Смерть сквозь главу его промчалась,

Но жизнь его цела осталась, —

Сам бог его на подвиг блюл!

— И тоже ведь в Крыму Кутузов был ранен, — счел нужным вставить другой офицер.

— Да, здесь, в Крыму, возле деревни Алушты… — уточнил третий.

— А что всего поразительней, господа, Кутузов был тоже ранен в левый висок, а пуля вышла у правого глаза, это я хорошо помню, — сказал лейтенант Петр Иванович Лесли, брат Евгения Лесли, погибшего при взрыве порохового погреба на третьем бастионе в первую бомбардировку.

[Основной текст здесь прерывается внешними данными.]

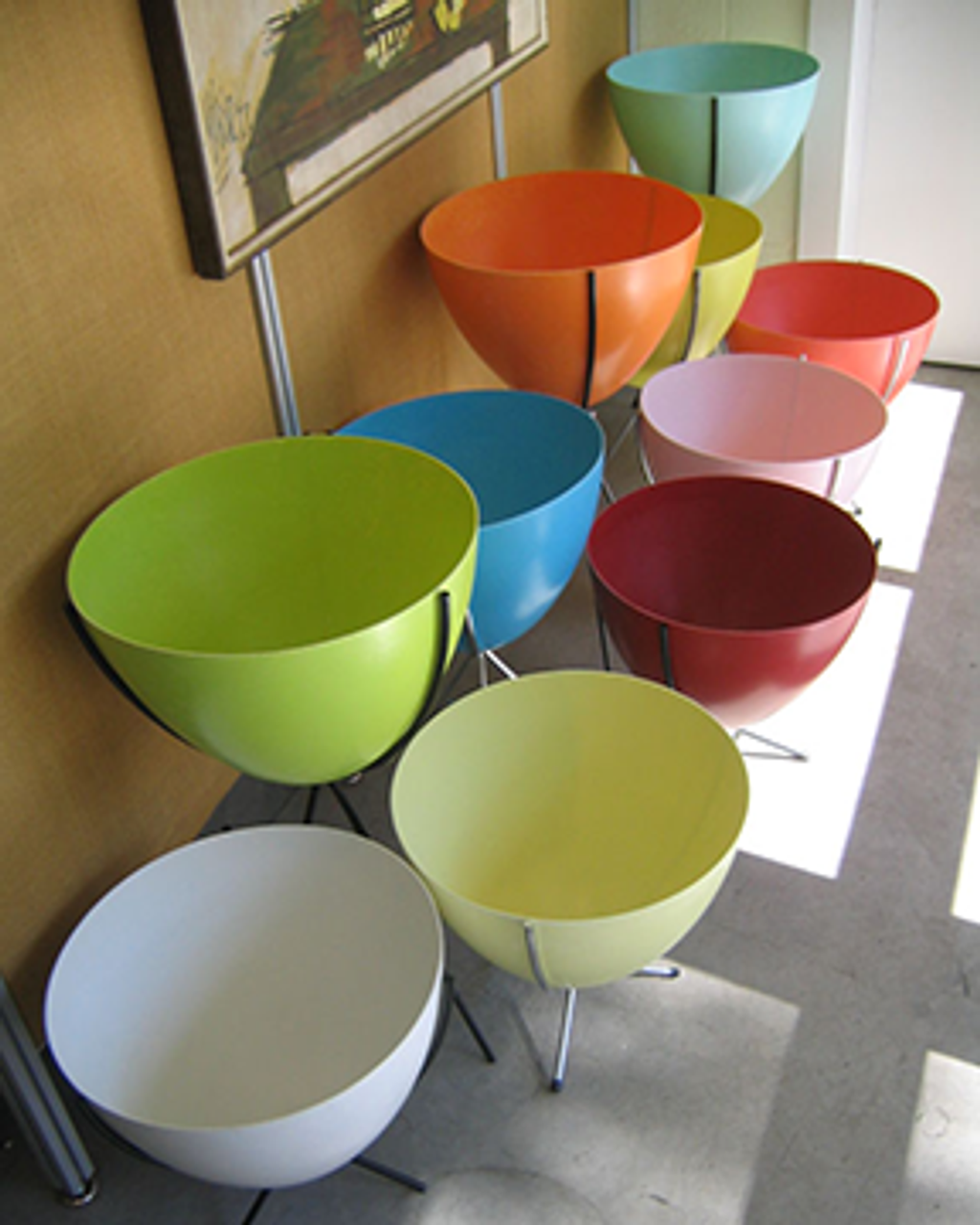 The Retro Bullet Planter® is a stylish addition to any space. Use it for plants, as an ice bucket, or to hold odds and ends. Our planter is an authentic reproduction of the vintage originals, in shape, size, and the distinctive texture of molded fiberglass. Bowls measure 15.75 inches across the top. Planters will tolerate covered outdoor conditions.

— Да мало того, что Кутузов вылечился, господа! Можно было вылечиться, но кретином остаться на всю жизнь. А он стал князем Смоленским!

— Князем Смоленским он стал, если быть точным, после другой раны, тоже в голову!

— Разве он два раза был ранен?

— В том-то и дело, что два! Второй раз, когда он осаждал Очаков.

— Неужели тоже в голову?

— В голову! Пуля вошла ниже скулы, а вылетела в середине затылка…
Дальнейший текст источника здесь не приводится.